June Nixey and Janet Forbes have been quilting in Arohata Prison every Saturday since the 1990s.

They are volunteers from Shut in Stitchers and have been teaching the inmates from Arohata, the all-women prison in Tawa, how to make quilts.

The first quilt an inmate completed was normally sent as a gift to a grandparent, mother or child, in most cases with a great sense of pride, Mrs Nixey said.

Other quilts were donated to the Women's Refuge.

The two eager quilters were awarded Queen's Service Medals for services to prisoner rehabilitation programmes.

"We love making quilts... we are not do-gooders.
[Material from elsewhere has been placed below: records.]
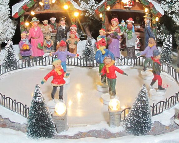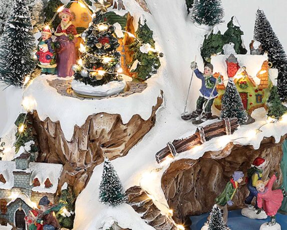 Villaggio di Natale innevato in movimento con pattinatori e led
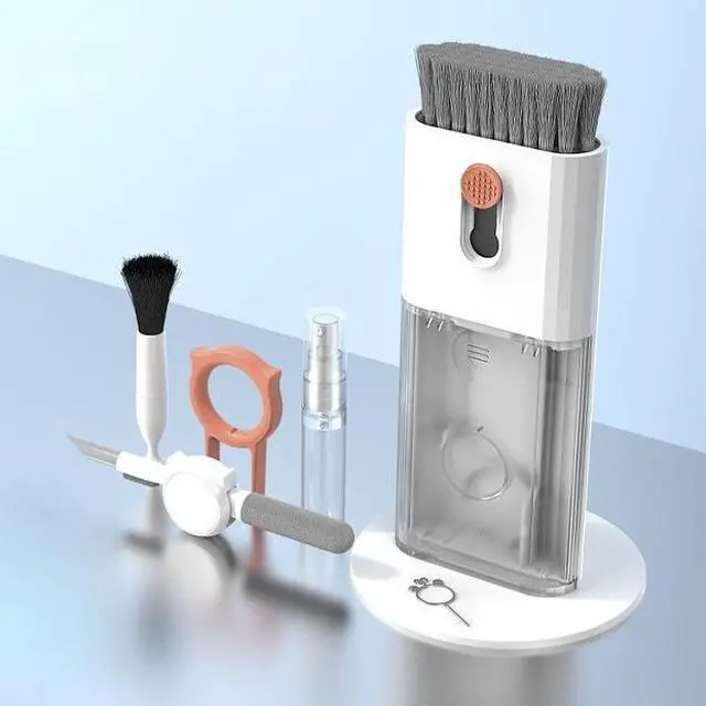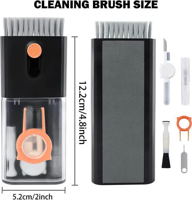 Integrated laptop and earphone cleaning tools, including Airpod 3 in 1 cleaning pen with silicone clip, brush specially used for cleaning camera lens, plastic keyboard clip, flocking sponge brush, screen cleaning solution spray, retractable keyboard brush, Mobile card opening tool and soft plush glasses cleaning cloth. It is used to remove dust, wax, and dirt, and to disinfect and clean Airpod mobile phones, laptop, computers, PCs,ipad.
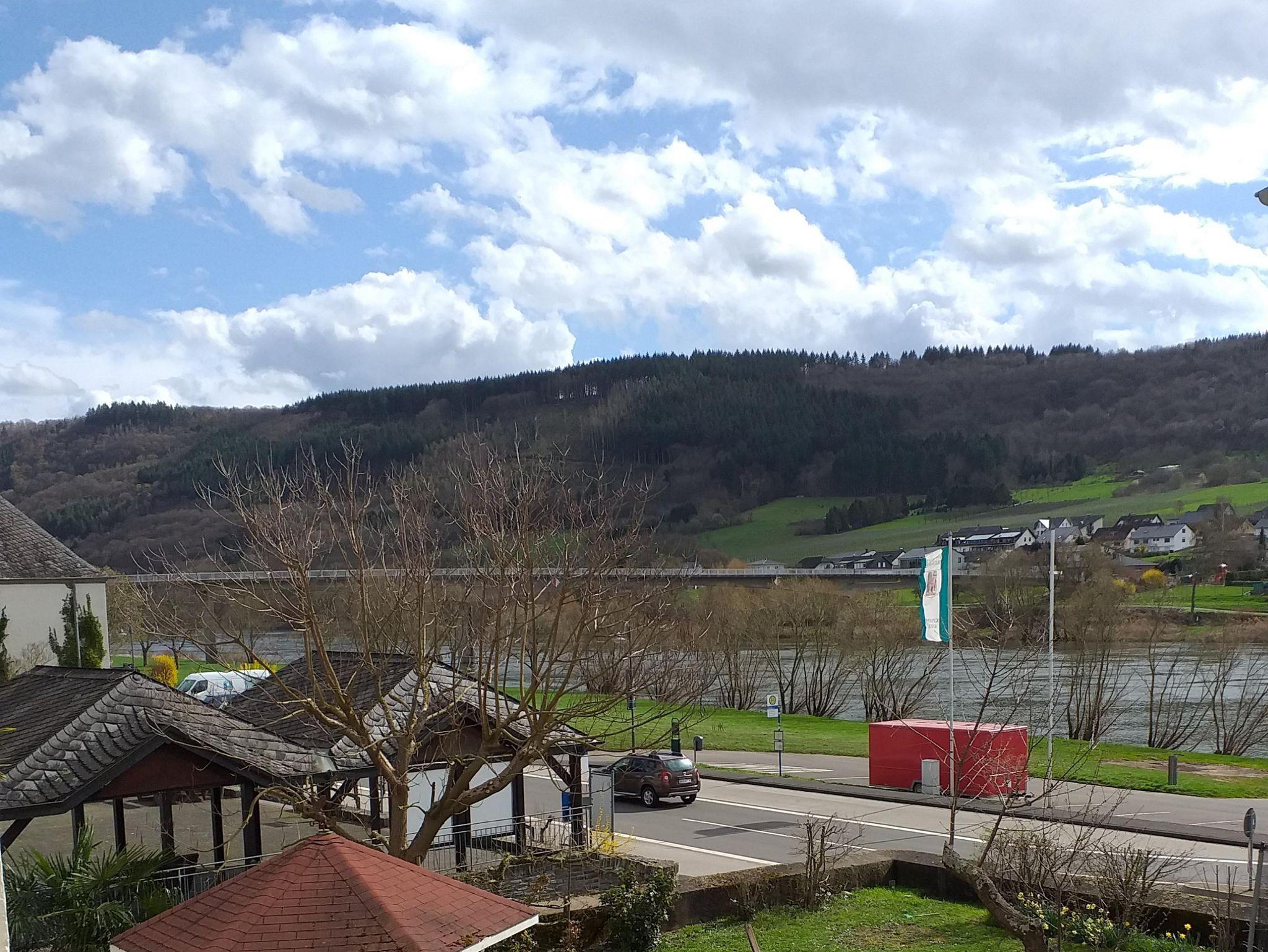 Das Gästezimmer hat zusätzlich ein Fernsehzimmer mit Flachbildschirm, Balkon und Kaffeemaschine. Vom Balkon aus sieht man seitlich auf die Mosel, die Brücke nach Kindel, oberhalb auf Weinberge und den Wald zum Hunsrück. Das geräumige Badezimmer mit Dusche und WC steht beiden Zimmern zur gemeinsamen Nutzung zur Verfügung.
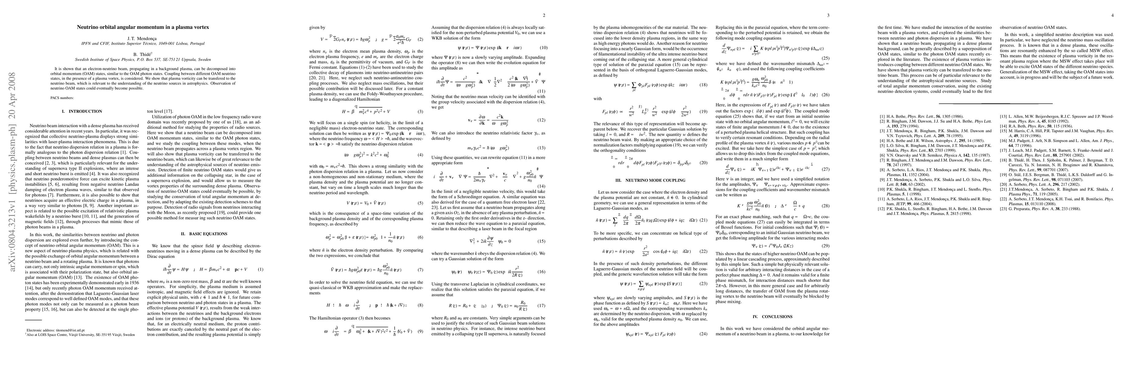 This research introduces a new mechanism for transferring orbital angular momentum from plasmas to neutrinos, which has significant implications for our understanding of astrophysical neutrino sources.
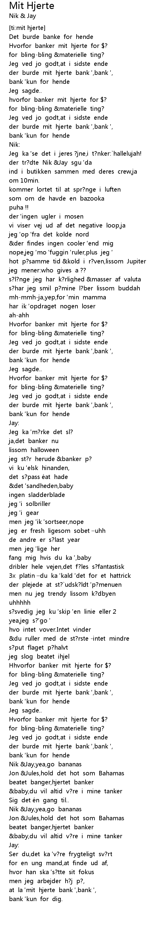 | [00:21.446] | hvorfor banker mit hjerte for $? |
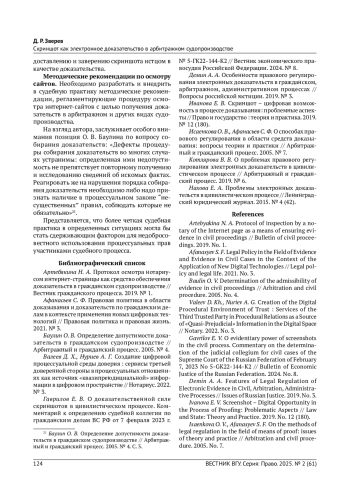 1. Артебякина Н. А. Протокол осмотра нотариусом интернет-страницы как средство обеспечения доказательств в гражданском судопроизводстве // Вестник гражданского процесса. 2019. № 1. EDN: VWRUKY
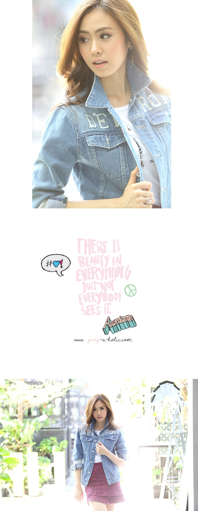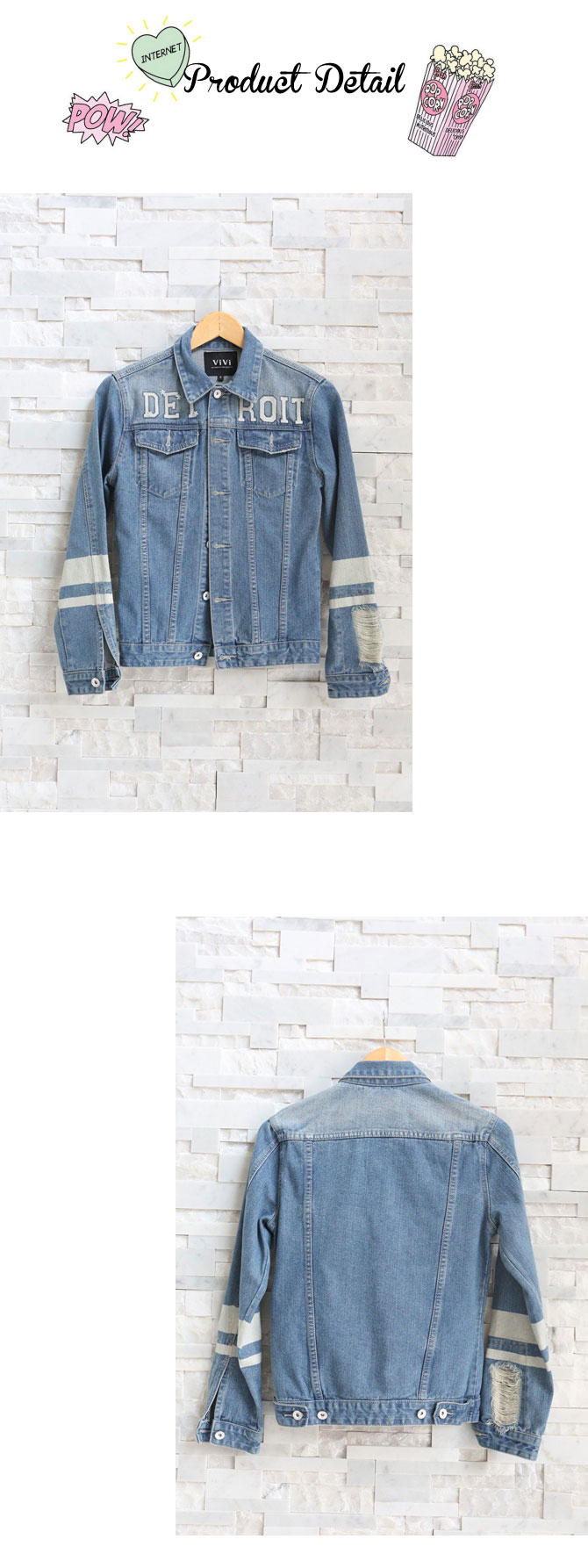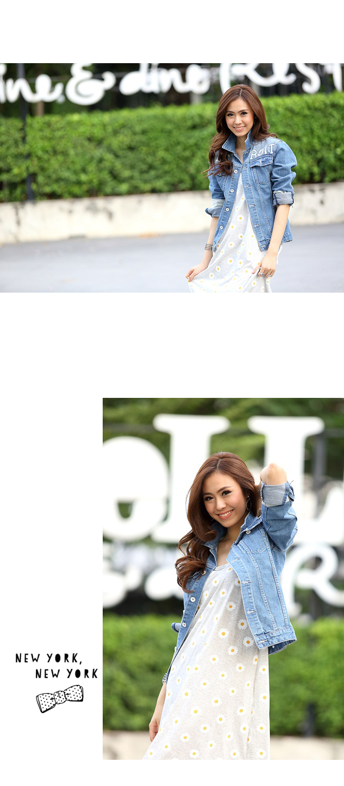 - แจ๊กเก็ตยีนส์ทรงสบาย เนื้อผ้ายีนส์หนากำลังดี ฟอกสีซีดสวยดูดีมีสไตล์ เพิ่มตัวอักษรเท่ห์ๆ ที่ช่วงตัว ดูดีมีราคามากมาย แถมแมทช์กับเดรส หรือ เสื้อยืดก็เก๋ไก๋มากมายเลยนะคะ แนะนำเพิ่มเติมสำหรับสาวๆ ที่ชอบลุกส์เซเลป ลองแมทช์กับ รายการ ST429/ DS703

Rehabilitation is a spin-off," Ms Forbes said.

But they know the quilting programme teaches the inmates more than just making quilts.

"What we do is share a skill," Ms Forbes said. "The primary thing is that we share that skill.

"We pass on those skills, but through that interaction they gain other skills as well."

Co-operation, planning, compromise, perseverance and even mathematics were collateral benefits of the quilting programme, she said.

The quilters said such attributes were essential to the success of Shut in Stitchers, the longest running volunteer programme in a New Zealand prison.

Mrs Nixey and Ms Forbes said that initially they were nervous teaching the prisoners, whose sentences range from short-term to life imprisonment.

They said they had seen their fair share of angry outbursts - unstitching an unsatisfactory quilt could do that to a person, Mrs Nixey said.

Many of the women who attend the programme are recovering from drug abuse, and some have been victims of physical abuse and are undergoing intense counselling.

Shut In Stitchers has an unwritten policy of not asking about the inmates' crimes, but that does not stop some of the women from confiding in their quilting tutors.

"It is the colour and the fabrics that break down the barriers," Ms Forbes said. "[They] give the women the opportunity to be creative, an opportunity some of them have never had."

Mrs Nixey helped found the programme, which began as a six- week quilting course. She said that after the first day "we came outside, looked at each other and said, 'Who had more fun?"'

Ms Forbes' involvement in the programme came when Shut In Stitchers was donated a load of cotton-knit fabric. Though unsuitable for quilting, the fabric was ideal for making knickers.

So she volunteered to teach the Arohata women how to make themselves knickers, and ended up sticking around.

A similar Shut in Stitchers programme has now been set up at Auckland Women's' Prison and another has been proposed for Christchurch Women's Prison.